Provided material:
· · ·

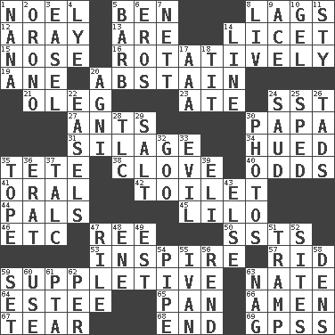 ACROSS 1. Christmas carol 5. Benjamin's nick name 8. Straggles 12. Like ___ of sunshine 13. "We ___ not amused" (Victoria) 14. It is permitted: Lat. 15. Olfactory organ 16. Producing rotation 19. One (Scot) 20. Choose not to consume 21. Cassini of fashion 23. Had dinner 24. Fast jet (abbr.) 27. Pismires 30. Dad 31. Fodder prepared in a silo 34. Became colored 35. False hair 38. Garlic unit 40. Probability 41. Relating to the mouth 42. Bathroom 44. Friends 45. _ and Stitch 46. And so on (abbr.) 47. To separate or throw off 50. Fast planes 53. Stimulate to action 57. To free from 59. Supplementary 63. Nathan's nickname 64. First name in cosmetics 65. Baking dish 66. So be it 67. Separate forcefully 68. Conclusion 69. Global Positioning Systems (abbr.) DOWN 1. Nanny 2. U. of Maine site 3. Artist's stand 4. Potassium hydroxide 5. Sharp remark 6. Greek god of love 7. Remaining after all deductions 8. 54 in ancient Rome 9. Adept person 10. Set 11. Filthy place 14. Actor's bit 17. American Automobile Association (abbr.) 18. Teat (slang) 20. Hindu god of fire 22. Artist's stands 24. Saudi Arabian king (1953-1964) 25. Drove too fast 26. Small boys 28. Affectionate concern, for short 29. Table seasoning 30. Pictures 32. Thick or sticky substance 33. Morally bad or wrong 35. Drink excessively 36. Part of Q.E.F. 37. Baby powder 39. Connecticut Ivy Leaguer 43. Otherwise 47. Cause heat under the collar 48. Compass dir. 49. Eastern Standard Time (abbr.) 51. _____ steamer (cargo ship) 52. Settings 54. Corncob 55. _ the terrible 56. Tear apart 58. Hiding places for outlaws 59. Arrange properly for use 60. Purpose 61. Parent Teacher Assoc. 62. For each 63. Tired old horse
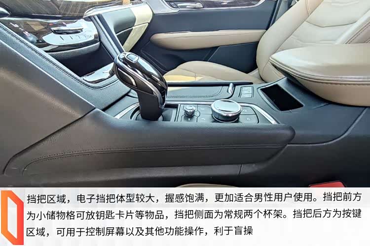 挡把区域,电子挡把体型较大,握感饱满,更加适合男性用户使用。挡把前方为小储物格可放钥匙卡片等物品,挡把侧面为常规两个杯架。挡把后方为按键区域,可用于控制屏幕以及其他功能操作,利于盲操。
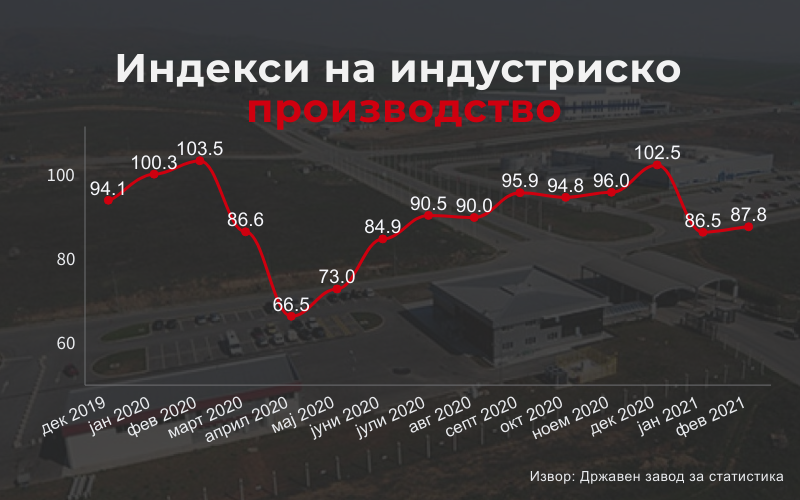 Македонската економија се уште силно ги чувствува негативните ефекти од пандемијата на корона вирусот, а најдобар показател за тоа е производството во индустријата, кое според статистичките податоци е се уште под нивото од пред да започне пандемијата.

· · ·

Exercise goal:
Each line of the data needs to be output exactly, with any image excluded.

Written response:
 ACROSS 1. Christmas carol 5. Benjamin's nick name 8. Straggles 12. Like ___ of sunshine 13. "We ___ not amused" (Victoria) 14. It is permitted: Lat. 15. Olfactory organ 16. Producing rotation 19. One (Scot) 20. Choose not to consume 21. Cassini of fashion 23. Had dinner 24. Fast jet (abbr.) 27. Pismires 30. Dad 31. Fodder prepared in a silo 34. Became colored 35. False hair 38. Garlic unit 40. Probability 41. Relating to the mouth 42. Bathroom 44. Friends 45. _ and Stitch 46. And so on (abbr.) 47. To separate or throw off 50. Fast planes 53. Stimulate to action 57. To free from 59. Supplementary 63. Nathan's nickname 64. First name in cosmetics 65. Baking dish 66. So be it 67. Separate forcefully 68. Conclusion 69. Global Positioning Systems (abbr.) DOWN 1. Nanny 2. U. of Maine site 3. Artist's stand 4. Potassium hydroxide 5. Sharp remark 6. Greek god of love 7. Remaining after all deductions 8. 54 in ancient Rome 9. Adept person 10. Set 11. Filthy place 14. Actor's bit 17. American Automobile Association (abbr.) 18. Teat (slang) 20. Hindu god of fire 22. Artist's stands 24. Saudi Arabian king (1953-1964) 25. Drove too fast 26. Small boys 28. Affectionate concern, for short 29. Table seasoning 30. Pictures 32. Thick or sticky substance 33. Morally bad or wrong 35. Drink excessively 36. Part of Q.E.F. 37. Baby powder 39. Connecticut Ivy Leaguer 43. Otherwise 47. Cause heat under the collar 48. Compass dir. 49. Eastern Standard Time (abbr.) 51. _____ steamer (cargo ship) 52. Settings 54. Corncob 55. _ the terrible 56. Tear apart 58. Hiding places for outlaws 59. Arrange properly for use 60. Purpose 61. Parent Teacher Assoc. 62. For each 63. Tired old horse
 挡把区域,电子挡把体型较大,握感饱满,更加适合男性用户使用。挡把前方为小储物格可放钥匙卡片等物品,挡把侧面为常规两个杯架。挡把后方为按键区域,可用于控制屏幕以及其他功能操作,利于盲操。
 Македонската економија се уште силно ги чувствува негативните ефекти од пандемијата на корона вирусот, а најдобар показател за тоа е производството во индустријата, кое според статистичките податоци е се уште под нивото од пред да започне пандемијата.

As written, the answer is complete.